Few serious musicians deny that Jimmy Webb is one of the most talented and consistent ?pop? songwriters of the past fifty years. He penned such classics as Glen Campbell ("By The Time I Get To Phoenix," "Wichita Lineman," "Galveston," "Where's The Playground, Susie"), Richard Harris (" MacArthur Park," "Didn't We"), the Fifth Dimension ("Up, Up and Away," "This Is Your Life"), The Brooklyn Bridge ("Worst That Could Happen"), Art Garfunkel ("All I Know"), Linda Ronstadt ("Easy For You To Say"), Joe Cocker ("The Moon's A Harsh Mistress") . These are the songs Webb is best known by, but he has built up a staggering body of work over thirty-five years.
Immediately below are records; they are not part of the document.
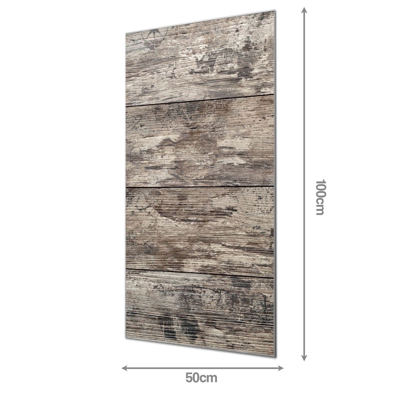 Material: 4mm Sicherheitsglas mit Metallrückwand Eigenschaften: beschreibbar, magnetisch, kratzfest Maße: 50x100x0,6cm, 7,50 kg schwer Motiv Nummer 11491 Alte Planken Zubehör: inklusive 4 Neodym-Magnete
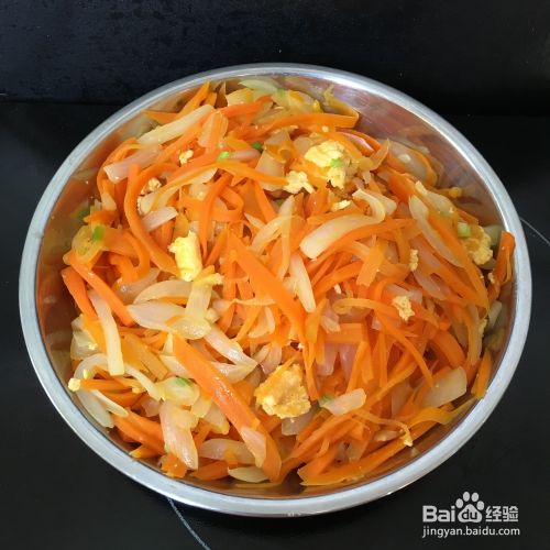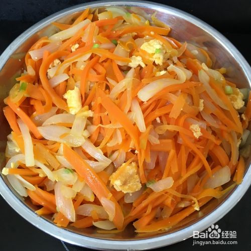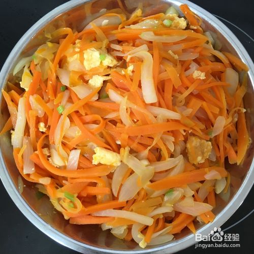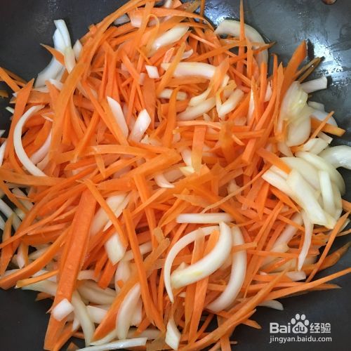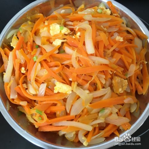 炒好鸡蛋的锅不用洗,继续加食油,将胡萝卜和白洋葱倒入,翻炒均匀。
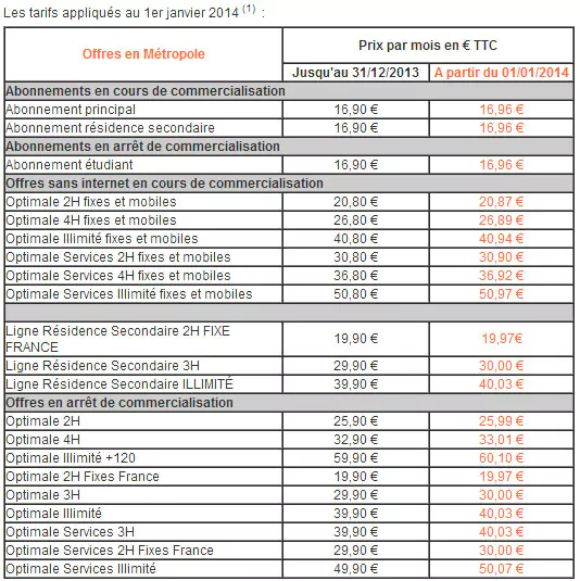 Les autres opérateurs commencent également à indiquer leurs intentions en la matière. C’est ainsi qu’Orange annonce différentes hausses de tarifs que vous pouvez découvrir en détail dans le tableau ci-dessous :
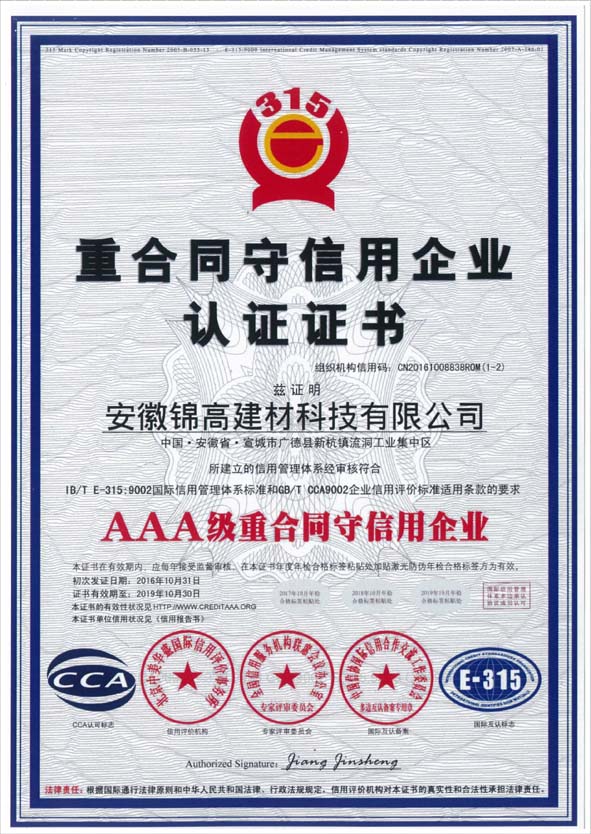 安徽锦高建材科技有限公司通过ISO9001质量管理体系认证
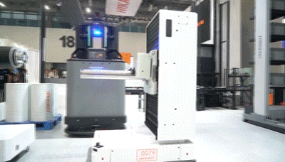 ??禉C器人本次展會上還推出了鋰電行業極卷搬運自動化解決方案,移載系列懸臂機器人全向移動底盤,高精度對接(精度可達±2mm),支持3D立體避障,實現多重安全閉環防護。

Many of his lesser played songs are his best, intimate and often strangely disturbing emotionally.
Much to their fathers chagrin, his three sons have all entered the musical fray as songwriters. I was very interested to read his comments on the music industry of the C21st.
"I would not recommend it at all," he says. "It's fifty percent harder to get a start today then it was in 1964. And that's optimistic. We as songwriters are in the same position as a professional fisherman. Our fishing grounds are kind of fished out. Three or four singers are not going to support a very large community of songwriters. We are in a moment of decision -- it's almost a crisis, in a way. We could lose a lot of the instinctive knowledge of things that had been handed down for generations. The kids don't seem to be too concerned about rules and regulations anymore. In fact, there seems to be an anarchistic movement among many young writers that says the less you know the better off you are. And the way one markets oneself in today's music business is very simple: one has to sing and one has to go out and get a hit record. And if there's anything harder than being a singer or a songwriter, it's being a singer/songwriter. When I was starting out, playlists weren't as tight as they are now. They were playing all kinds of different music at the same time. Now you're looking at markets that are very discreet. It's like segments of an orange. Record companies are faced with a real dilemma because they don't have a real broad-based listening audience like they used to. Record companies are in disarray. It's chaos. They don't know where to go. The industry is in a state of flux. The people who are making money are the ones who are writing and singing their own songs."
My own experience suggests that Webb is spot on with his analysis of world music at the cross-roads. Serious music is, and argubaly has been for a couple of decades, becoming part of a 'niche' market and will, like a crag in a storm, protect its core values, but the mass ear will be cleverly tuned by Record Companies ( as ever seeking to appease their shareholders ) using overconfident and greedy teenagers as conduits of artistic mediocrity.